▶ THE TASK
Compute how many lines in the listing below hold the string "offering", then state only the result.

▶ EXERCISE DATA
- Opening Delimiter -

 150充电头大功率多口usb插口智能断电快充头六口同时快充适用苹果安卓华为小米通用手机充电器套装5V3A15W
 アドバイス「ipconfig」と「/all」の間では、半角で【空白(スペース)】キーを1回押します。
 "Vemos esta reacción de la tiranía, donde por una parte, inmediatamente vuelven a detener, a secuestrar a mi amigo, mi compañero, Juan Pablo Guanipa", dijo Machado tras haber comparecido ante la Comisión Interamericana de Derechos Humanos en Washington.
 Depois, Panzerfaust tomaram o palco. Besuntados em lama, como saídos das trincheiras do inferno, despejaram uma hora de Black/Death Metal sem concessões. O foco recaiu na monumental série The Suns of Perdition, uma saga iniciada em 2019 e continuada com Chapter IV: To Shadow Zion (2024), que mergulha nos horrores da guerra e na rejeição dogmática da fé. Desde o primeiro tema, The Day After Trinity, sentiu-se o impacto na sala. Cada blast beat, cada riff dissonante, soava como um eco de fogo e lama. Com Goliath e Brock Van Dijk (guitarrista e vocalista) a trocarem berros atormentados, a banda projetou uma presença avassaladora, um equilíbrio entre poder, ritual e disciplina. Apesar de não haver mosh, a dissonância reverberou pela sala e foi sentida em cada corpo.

- Closing Delimiter -
- Opening Delimiter -

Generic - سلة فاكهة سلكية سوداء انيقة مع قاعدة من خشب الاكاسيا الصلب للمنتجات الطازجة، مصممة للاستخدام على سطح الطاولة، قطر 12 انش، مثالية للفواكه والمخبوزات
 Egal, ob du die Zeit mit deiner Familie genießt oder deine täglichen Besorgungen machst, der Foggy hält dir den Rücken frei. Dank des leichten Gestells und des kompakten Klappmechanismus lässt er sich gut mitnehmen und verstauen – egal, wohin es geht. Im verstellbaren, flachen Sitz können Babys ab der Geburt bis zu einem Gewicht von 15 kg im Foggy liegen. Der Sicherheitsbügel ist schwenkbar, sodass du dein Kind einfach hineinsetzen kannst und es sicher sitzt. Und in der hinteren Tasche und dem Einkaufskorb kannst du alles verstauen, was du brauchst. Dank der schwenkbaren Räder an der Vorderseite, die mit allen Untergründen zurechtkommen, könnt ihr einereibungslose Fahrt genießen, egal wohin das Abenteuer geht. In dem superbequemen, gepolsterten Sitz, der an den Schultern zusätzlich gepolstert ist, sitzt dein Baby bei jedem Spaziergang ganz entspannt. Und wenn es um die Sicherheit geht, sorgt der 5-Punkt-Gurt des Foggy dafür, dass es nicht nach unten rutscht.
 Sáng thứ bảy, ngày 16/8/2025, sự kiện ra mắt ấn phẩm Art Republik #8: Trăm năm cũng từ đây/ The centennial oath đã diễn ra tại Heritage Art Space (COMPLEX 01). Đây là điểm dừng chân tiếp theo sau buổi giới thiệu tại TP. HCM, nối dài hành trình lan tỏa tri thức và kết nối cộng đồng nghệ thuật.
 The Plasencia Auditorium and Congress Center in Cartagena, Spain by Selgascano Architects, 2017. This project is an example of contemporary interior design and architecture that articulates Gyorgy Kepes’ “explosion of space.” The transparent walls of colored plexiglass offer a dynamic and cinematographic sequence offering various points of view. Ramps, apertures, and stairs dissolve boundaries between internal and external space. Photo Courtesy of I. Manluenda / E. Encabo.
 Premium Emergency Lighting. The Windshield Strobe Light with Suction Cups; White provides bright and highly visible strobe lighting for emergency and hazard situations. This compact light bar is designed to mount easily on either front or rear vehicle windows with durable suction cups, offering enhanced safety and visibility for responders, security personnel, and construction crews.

- Closing Delimiter -
- Opening Delimiter -

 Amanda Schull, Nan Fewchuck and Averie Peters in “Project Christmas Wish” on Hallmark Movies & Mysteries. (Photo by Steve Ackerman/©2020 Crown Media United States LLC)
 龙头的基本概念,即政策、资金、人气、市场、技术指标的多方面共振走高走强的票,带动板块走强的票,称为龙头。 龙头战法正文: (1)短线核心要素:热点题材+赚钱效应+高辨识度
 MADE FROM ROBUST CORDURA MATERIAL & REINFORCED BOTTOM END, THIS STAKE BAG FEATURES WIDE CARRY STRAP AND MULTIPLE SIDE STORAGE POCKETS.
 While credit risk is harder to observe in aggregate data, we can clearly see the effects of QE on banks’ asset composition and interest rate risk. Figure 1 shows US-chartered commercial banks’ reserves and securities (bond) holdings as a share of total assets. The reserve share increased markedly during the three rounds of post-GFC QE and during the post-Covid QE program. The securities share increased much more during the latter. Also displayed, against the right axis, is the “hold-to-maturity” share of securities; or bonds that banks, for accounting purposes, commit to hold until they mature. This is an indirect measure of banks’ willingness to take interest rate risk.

- Closing Delimiter -

▶ RESULT
2